Cinemaniac’s Tribeca Film Fest Picks: Part II

Dennis Dermody

Crackpot visionary Guy Maddin (The Saddest Music in the World) is leaving his beloved hometown of Winnipeg and decides to look back on his past and the town’s quirky, snowy, sleepwalking ways. He even hires actors to recreate family scenarios. The fabulous Ann Savage (Detour) plays his fearsome mother in these loony recreations. Some of his recollections are priceless -- a fire that caused horses to stampede and freeze to death in the river so that people came to pose next to the horse heads grotesquely jutting out of the ice. It’s poetically poignant as is bizarrely funny. This “remembrances of frigid past” is divinely deranged.

David Mamet’s supremely satisfying new film stars Chiwetel Ejifor as Mike Terry who teaches jiu-jitsu self-defense in a modest studio in West L.A. His business is bleeding money but he refuses to return to the ring to fight professionally because of his philosophy about fighting which he imparts to his loyal students. When he rescues a movie star (Tim Allen) during a bar fight, the actor takes a shine to Terry and he believes his life is about to change for the better. But this is Hollywood and deception and cons and sleazy fight promoters (Ricky Jay) force Terry to return to the ring to regain his honor. What’s fascinating about Mamet’s film is that it works as a martial arts action movie as well as an old John Garfield boxing movie where a character’s character is the plot of the movie. Fortunately an actor as dynamic and brilliant and Ejifor gives the movie a moral center that the audience identifies and passionately roots for.

Tom Kalin’s (Swoon) taste for transgresive tales continues with this perverse true crime saga of Barbara Baekland (Julianne Moore), the wealthy, beautiful, troubled wife of Brooks Baekland (Stephen Dillane), the heir to the Bakelite plastics fortune. When Brooks left his wife for another woman, mother and son traveled around Europe and entered into an incestuous relationship which ended in murder. Julianne Moore gives a brave, fierce performance to the defiantly disturbed Barbara -- there are scenes where she flares up at a dinner party and at the airport that are frighteningly revealing and exquisitely acted. A sequence where she wakes up in bed with her gay walker (Hugh Dancy) and son and starts merrily laughing is funny and deranged at the same time. Stephen Dillane gives a cold aristocratic fervor to Brooks and Eddie Redmayne is quite wonderful as the poor doomed Tony. He has the right prissy, privileged, attitude with that slight hint of decadence that makes the movie so sublimely twisted it should be retitled: Mommie Fearest.

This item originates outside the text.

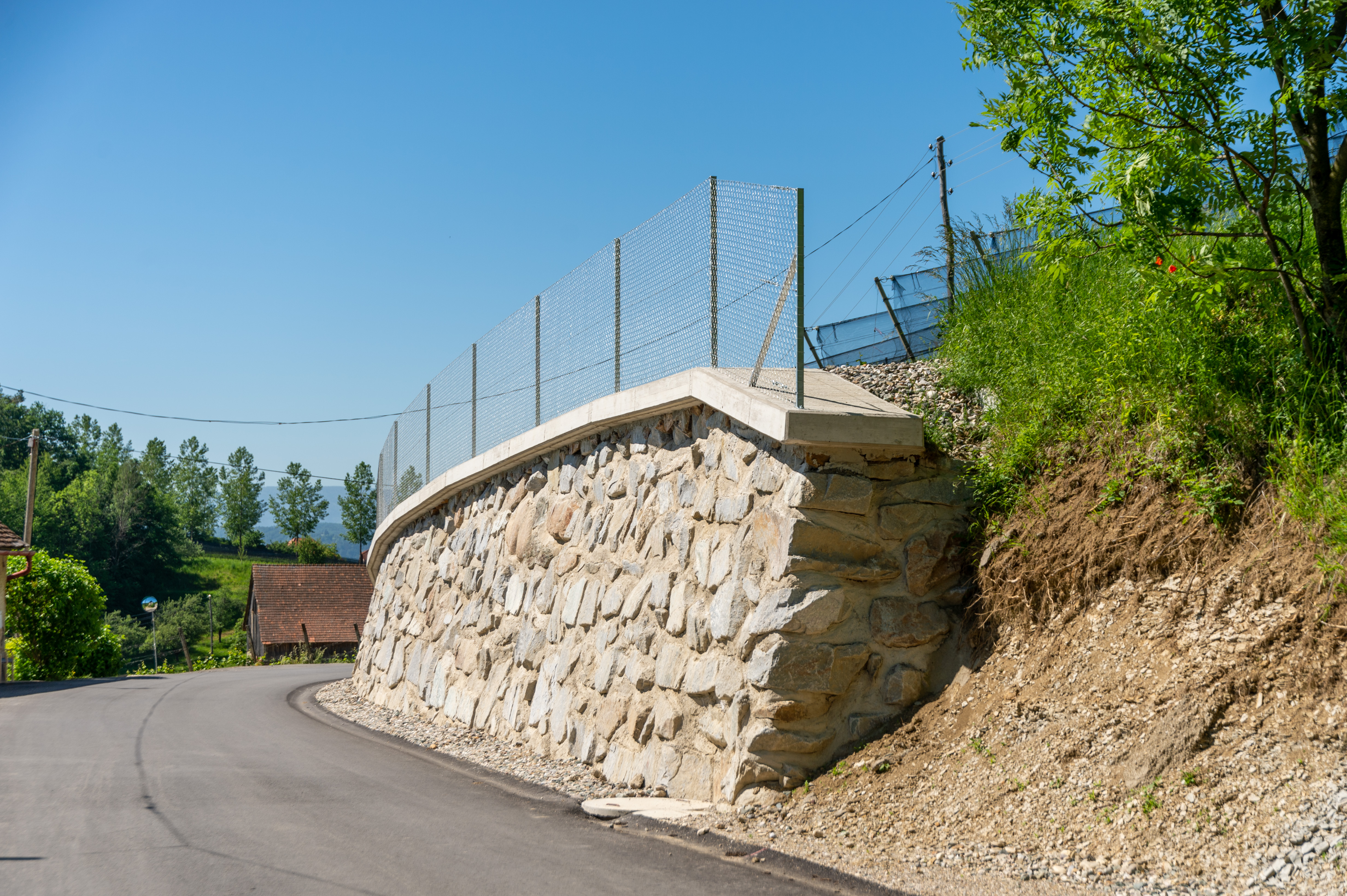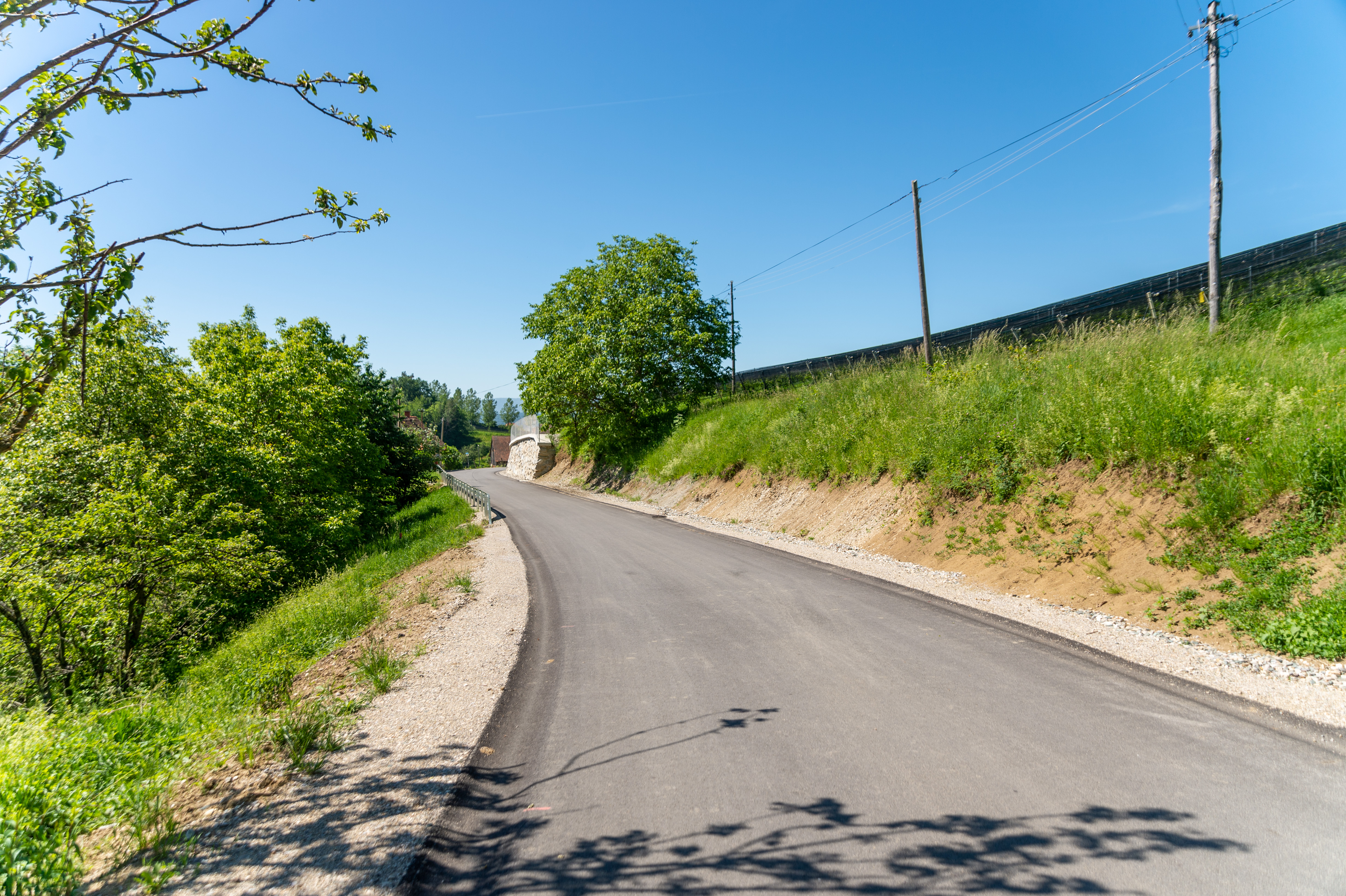 Izvedli smo sanacijo ceste R3-708, odsek 1330 Zg. Kungota – MP Plač, kjer smo se srečali z izzivom stabilizacije vozišča zaradi plazenja tal. Naloga je bila izvedba sanacije cestišča, obnovitev voziščnih plasti, ter odprava poškodb na bankinah. Delo smo začeli z izvedbo kamnite podporne zložbe za stabilizacijo tal, nato pa smo sanirali poškodovane razpoke na vozišču. Obnovili smo poškodovane plasti in prilagodili cestišče z namenom večje varnosti za uporabnike ceste. Za stabilizacijo tal smo uporabili geotekstil, ki je pomagal pri preprečevanju nadaljnjih premikov tal. Vključili smo tudi prilagoditev priključkov ceste na stanovanjske objekte, s čimer smo zagotovili nemoten prehod in boljšo dostopnost. Na koncu smo izvedli obnovo ceste v skupni dolžini 184 metrov, s čimer smo zagotavljali varno prometno povezavo, primerno za vsakodnevno uporabo. Vse izvedene aktivnosti so bile usmerjene v izboljšanje stabilnosti in varnosti prometne infrastrukture.
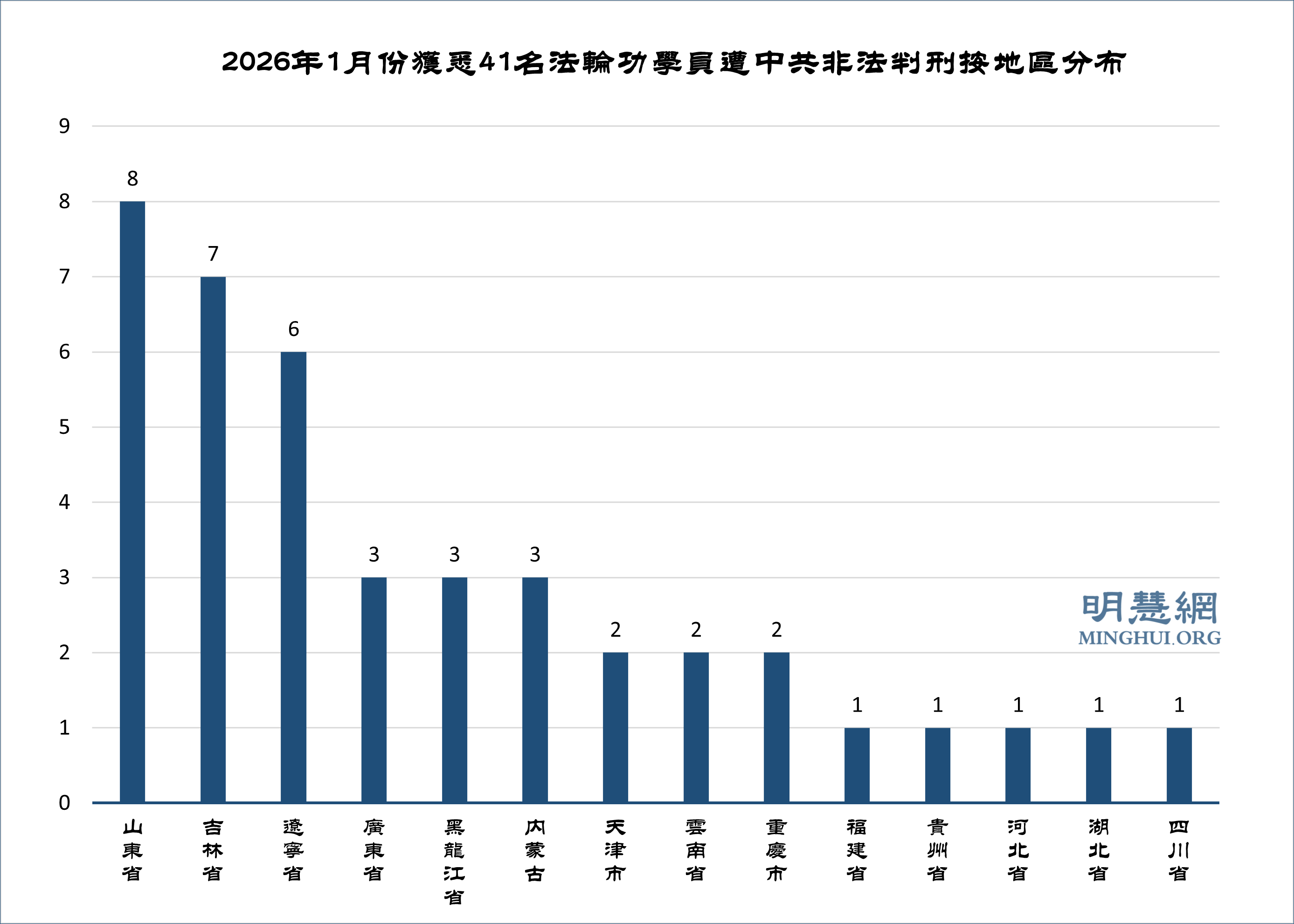 据明慧网报道统计,获知二零二六年一月份至少又有41名法轮功学员被非法判刑,年龄最大者86岁,最年轻者45岁,刑期最长6年,最短7个月。非法判刑分布于中国大陆的十四个省、自治区和直辖市。迫害最严重地区依次为:山东省8人,吉林省7人,辽宁省6人,广东省、黑龙江省、内蒙古各3人,天津市、云南省、重庆市各2人,福建省、贵州省、河北省、湖北省、四川省各1人。有年龄统计的25人。年龄段分布情况:80~90岁2人,70~80岁6人,60~70岁9人,50~60岁5人,40~50岁3人。

There’s perverse genius in the documentary films by Errol Morris. No matter how dark and disturbing the subject matter -- Robert S. Macnamara in The Fog Of War or a portrait of an executioner in Mr. Death: The Rise And Fall Of Fred A Leuchter, Jr. and here about those notorious photographs at Abu Ghraib prison -- there’s an artfulness and beauty about the way he shoots his films. Not to mention the glorious score by Danny Elfman which haunts the corners of the frame. Here Morris examines in utterly compelling fashion the actual timeline of these pictures, with candid interviews with the soldiers involved and other assorted military officers. But it also gets at the essence of photography itself, and what we see as opposed to what’s behind the frame. There are things that horrified and newly shocked me -- from the video that was shot during the prisoner’s humiliation, and the cover-up of a detainee’s death, whose body was put on ice before conveniently made to disappear. It’s a truly important film, not so much for what it says politically but for what it dredges up emotionally.

The title represents the bleak world view of sad sack Luke Shapiro (Josh Peck) in the stifling Rudy-Giuliani-reigning New York summer of 1994. Luke sells marijuana out of an Italian Ice cart, makes mix tapes of Biggie Smalls and A Tribe Called Quest, trades pot for sessions with wacko therapist Dr. Squires (Sir Ben Kingsley), while dreaming about losing his virginity to Squires’ mad/crazy stepdaughter Stephanie (Olivia Thirlby). This Sundance favorite by Jonathan Levine might have the right zeitgeist to make it an indie cult hit. With the rap soundtrack, the big, sweet, palooka charm of Josh Peck and the stoner sensibility -- it might just ring true to a great percentage of filmgoers. I just wasn’t buying it. There’s something phony and preciously contrived about it which kept turning me off.